Here we included age 20 GCA and dichotomized lifetime education (12 y vs. 4-y university education) with age 62 GCA as the outcome and cSES as the only other predictor (n = 463; SI Appendix, Table S7). Age 20 GCA accounted for 40% of the variance in age 62 GCA; education accounted for 1.60%. In models 3 and 4, with education as a continuous variable, age 20 GCA accounted for 39% and 40% of the variance in age 62 GCA, respectively, and education accounted for nearly none of the variance. For the 12-y education group, GCA was 0.002 SD higher at age 62 y than at age 20 y, and for the university education group, GCA was 0.084 SD higher at age 62 y than at age 20 y. The difference between the two groups is equivalent to a 1.23-IQ point gain from having at least a university education (<0.308 per year).

Mixed Models That Examined only a Single Protective Factor (Models 6a and 6b).

With a less stringent multiple testing correction in these models, both lifetime education and occupational complexity were significantly associated with all specific cognitive abilities and age 62 GCA after adjusting for age 20 GCA (SI Appendix, Table S8). Lifetime education accounted for a median of 1.90% of the variance in the different cognitive abilities, 1.44% of the variance in occupational complexity, and 11.09–12.25% of the variance in age 20 GCA. Including age and ethnicity as covariates had little impact on these results. Age 20 GCA accounted for 41–43% of the variance in age 62 GCA, and education accounted for <1%.

Associations with Cortical Surface Area and Thickness at Age 62 y.

Lifetime education was unrelated to either total cortical surface area (β = 0.034; P < 0.4829; r = 0.03; n = 365) or mean cortical thickness (β = 0.001; P < 0.9830; r ∼ 0.00; n = 367). Age 20 GCA was significantly correlated with cortical surface area (β = 0.167; P < 0.0009, r = 0.158; n = 357) but not with mean cortical thickness (β = 0.031; P < 0.5224; r = 0.03; n = 359). The age 20 GCA-surface area association remained significant even when restricting the analysis to only individuals with exactly 12 y of education (β = 0.143; P < 0.0171; r = 0.130; n = 223).

Discussion

The most parsimonious explanation of our results is reverse causation—namely, that individuals with higher intellectual capacity tend to attain more education, achieve higher occupational status, and engage more in cognitive-intellectual activities. Thus, the impact of the latter factors is primarily downstream of intellectual capacity. On average, after accounting for age 20 GCA, lifetime education or occupational complexity each accounted for <1% of variance in specific cognitive abilities. In contrast, age 20 GCA accounted for ∼10% on average. For participants with exactly the same amount of education at baseline testing, differences in additional education still had little impact on later cognitive function. Supporting these results, age 20 GCA—but not education—was associated with age 62 cortical surface area, a finding consistent with the documented stability of brain-GCA associations (24). Active gene-environment correlation—that is, individuals genetically predisposed to higher intellectual ability tending to seek out environments that promote cognitive and brain development (46, 47)—may account in part for this phenomenon.

The two Lothian birth cohorts provide the best comparison with our study because within studies, each used the same test at outcome and at baseline.
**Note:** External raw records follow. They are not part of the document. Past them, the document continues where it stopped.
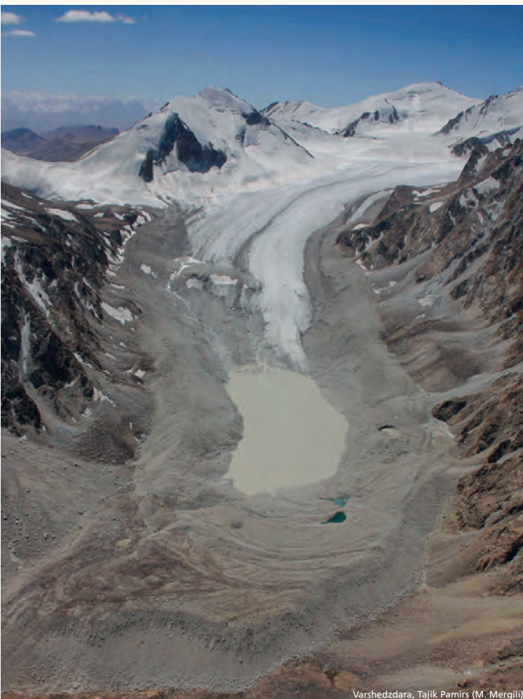
Varshedzdara, Tajik Pamirs (M. Mergili)

The mountains of Central Asia provide a profound sense of place, a source of inspiration and a rich cultural heritage.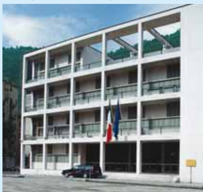
The former Casa del Fascio

in pure colour. There were panels in coloured cement, mounted on iron canvases, alternated with propaganda posters and empty spaces. The buildings number among the most important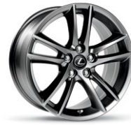
18-in split-five-spoke alloy wheels 2 with Dark Graphite finish Standard IS C F SPORT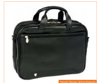
Smart Zipper Attachment

In the two Lothian cohorts, there was an equivalent of a 0.66-IQ point and 1.42-IQ point advantage, respectively, for each year of education (weighted average, 1.18) in their models with age 11 GCA, education, and cSES. In our comparable model (SI Appendix, Table S8), education resulted in a 0.33-IQ point per year gain for age 62 GCA. With 12 y of education, one would expect an increase of >14 IQ points based on the Lothian studies vs. <4 points based on the VETSA study. In cohorts examined by Clouston et al. (18), the gain from having a university over a high school education was 6–22.35 IQ point equivalents, compared with only 0.40 point in VETSA. Cohort differences do not seem likely to account for the lower education-related gain in VETSA. One would expect quality of education, health, and nutrition—all of which contribute to cognitive and brain development—to be better in later-born cohorts, but education-associated gains were largest in the earlier-born cohorts. Country—United States, England, or Scotland—also did not account for the differences. It is also worth noting that only these studies with the same baseline and outcome tests can provide measures of absolute education-related IQ point gains. All other analyses can provide only a rough approximation by standardizing scores for different baseline and outcome tests.
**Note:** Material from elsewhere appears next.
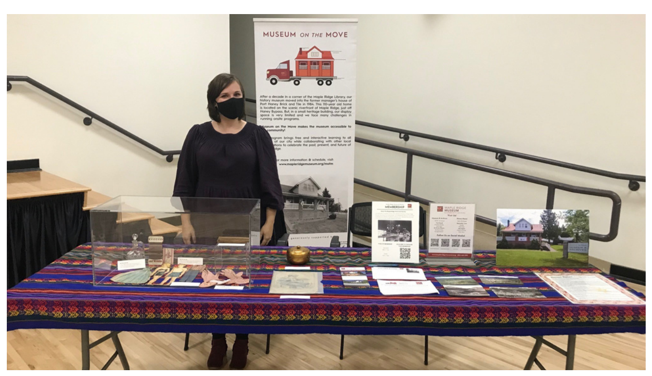
Our display at Repair Café included artifacts that have either been repaired or were used for repairing other objects.

With average age at baseline testing of 12.35 y in the meta-analysis, there was an average gain of 1.20 IQ points per year of education in pre-post studies and 2.06 IQ points per year in policy change studies (14). The authors suggested that IQ gains might diminish with increasing education rather than being additive across multiple years of education. If additive, the lower estimate of 1.20 would translate to a 14.40-point increase for 12 y of education and a 24-point increase with 4 y of university education plus 4 y of graduate school. Such continued substantial increases seem implausible. In fact, we speculate that the lower gain in our sample is because baseline testing was done at a much later age. There is still substantial brain development during childhood and adolescence. Additional education likely provides an enriching environment that promotes brain and cognitive development; however, by age 20 y there would be much less subsequent brain development (48, 49). With that in mind, it is noteworthy that despite similar stability coefficients, in the Lothian birth cohorts there was a substantial increase of 1.12–1.51 SDs in mean GCA from age 11 y to age 70 or 79 y (19); in the VETSA, there was virtually no change—a 0.08 SD increase—from age 20 y age 62 y. A Norwegian policy change study showed that additional schooling in adolescence raised IQs, but left open the question of whether that trend would continue with later education (15). Based on testing at age 18–19 y, other Norwegian population studies have shown that the Flynn effect—increasing IQ with increasing compulsory education—has leveled off and even slightly reversed (16, 17). Those findings are also consistent with education-associated IQ gains eventually plateauing, perhaps reaching an asymptote by age 18–19 y.

The inclusion of multiple additional predictors in our models might explain the smaller amounts of variance accounted for by education or occupational complexity compared with other studies. After accounting for age 20 GCA in VETSA models without the additional predictors, education and occupational complexity contributed an average of 1.90% and 1.44% of variance, respectively, in later specific cognitive abilities (SI Appendix, Table S8), compared with <1% in model 3 with additional covariates (Table 2). Thus, within a study, the effect of education is likely to be inflated when other relevant and correlated predictors are not accounted for. On the other hand, comparable analyses still resulted in smaller education-associated gains from later baseline testing in the VETSA compared with the Lothian cohorts.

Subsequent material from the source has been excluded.